▸ WORK REQUIRED
Retype only what runs from the beginning of the data through the line with "创维电视 65英寸 大内存"; please omit the pictures and keep every line exact.
[Opening INFORMATION SUPPLIED section]
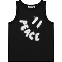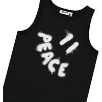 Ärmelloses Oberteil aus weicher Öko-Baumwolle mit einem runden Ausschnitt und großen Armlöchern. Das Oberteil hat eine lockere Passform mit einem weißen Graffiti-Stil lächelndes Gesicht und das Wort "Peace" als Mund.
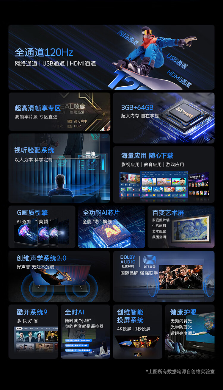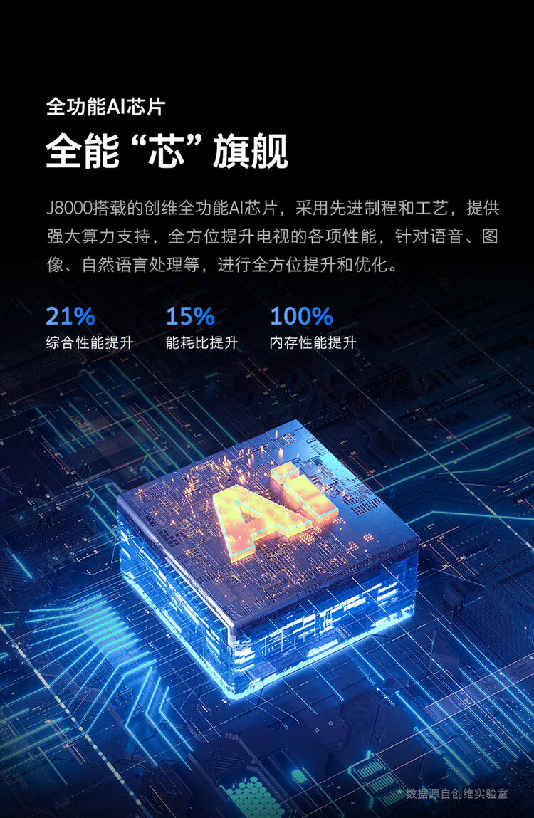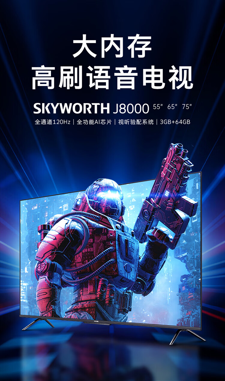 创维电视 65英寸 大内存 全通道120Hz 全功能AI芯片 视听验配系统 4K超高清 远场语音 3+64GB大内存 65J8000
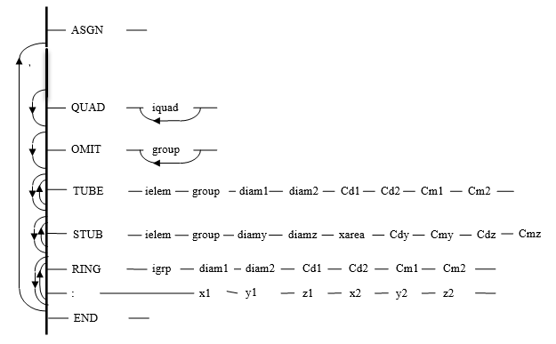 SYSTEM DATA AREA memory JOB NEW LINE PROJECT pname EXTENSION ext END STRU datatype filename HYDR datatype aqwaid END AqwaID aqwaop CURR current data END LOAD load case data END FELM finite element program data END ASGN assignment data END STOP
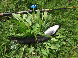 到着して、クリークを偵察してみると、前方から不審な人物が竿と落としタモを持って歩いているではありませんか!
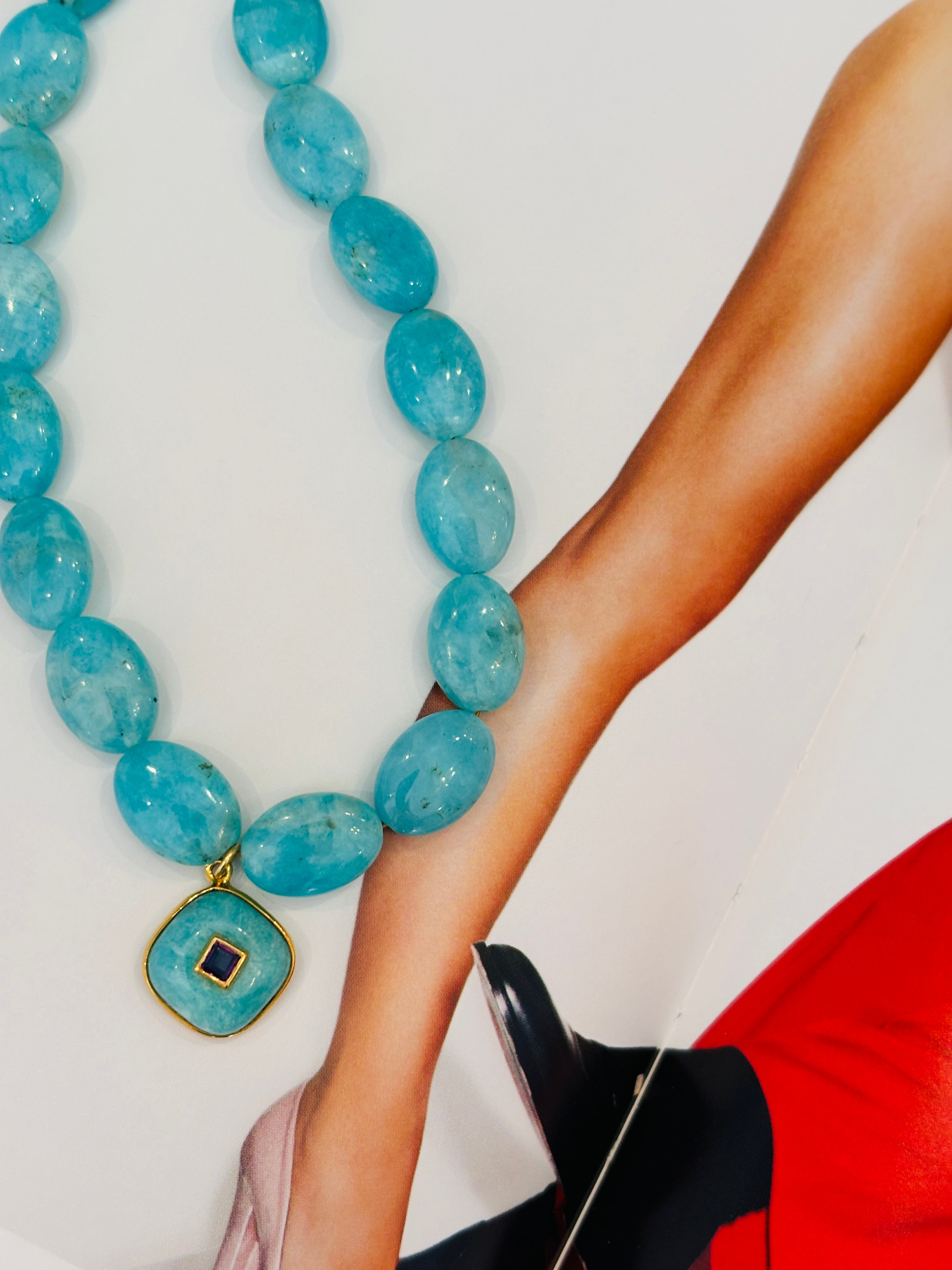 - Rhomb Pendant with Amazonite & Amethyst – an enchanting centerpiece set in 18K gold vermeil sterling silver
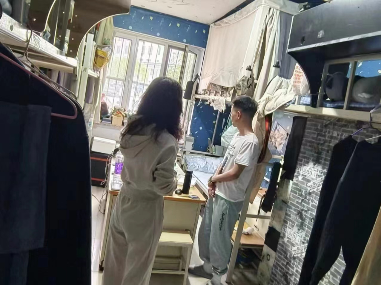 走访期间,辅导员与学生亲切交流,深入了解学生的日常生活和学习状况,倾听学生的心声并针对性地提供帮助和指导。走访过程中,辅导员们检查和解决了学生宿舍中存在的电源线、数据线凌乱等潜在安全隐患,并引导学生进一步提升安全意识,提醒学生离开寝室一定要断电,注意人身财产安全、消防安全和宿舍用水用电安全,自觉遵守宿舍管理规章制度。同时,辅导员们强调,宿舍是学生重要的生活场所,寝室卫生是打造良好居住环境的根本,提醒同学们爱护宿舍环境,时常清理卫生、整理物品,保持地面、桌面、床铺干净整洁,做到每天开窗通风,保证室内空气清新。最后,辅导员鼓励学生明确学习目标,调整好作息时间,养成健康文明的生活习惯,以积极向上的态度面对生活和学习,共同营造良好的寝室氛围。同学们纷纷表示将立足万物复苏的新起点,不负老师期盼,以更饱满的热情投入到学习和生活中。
[Closing INFORMATION SUPPLIED section]
▸ ANSWER FOR THE TASK
 Ärmelloses Oberteil aus weicher Öko-Baumwolle mit einem runden Ausschnitt und großen Armlöchern. Das Oberteil hat eine lockere Passform mit einem weißen Graffiti-Stil lächelndes Gesicht und das Wort "Peace" als Mund.
 创维电视 65英寸 大内存 全通道120Hz 全功能AI芯片 视听验配系统 4K超高清 远场语音 3+64GB大内存 65J8000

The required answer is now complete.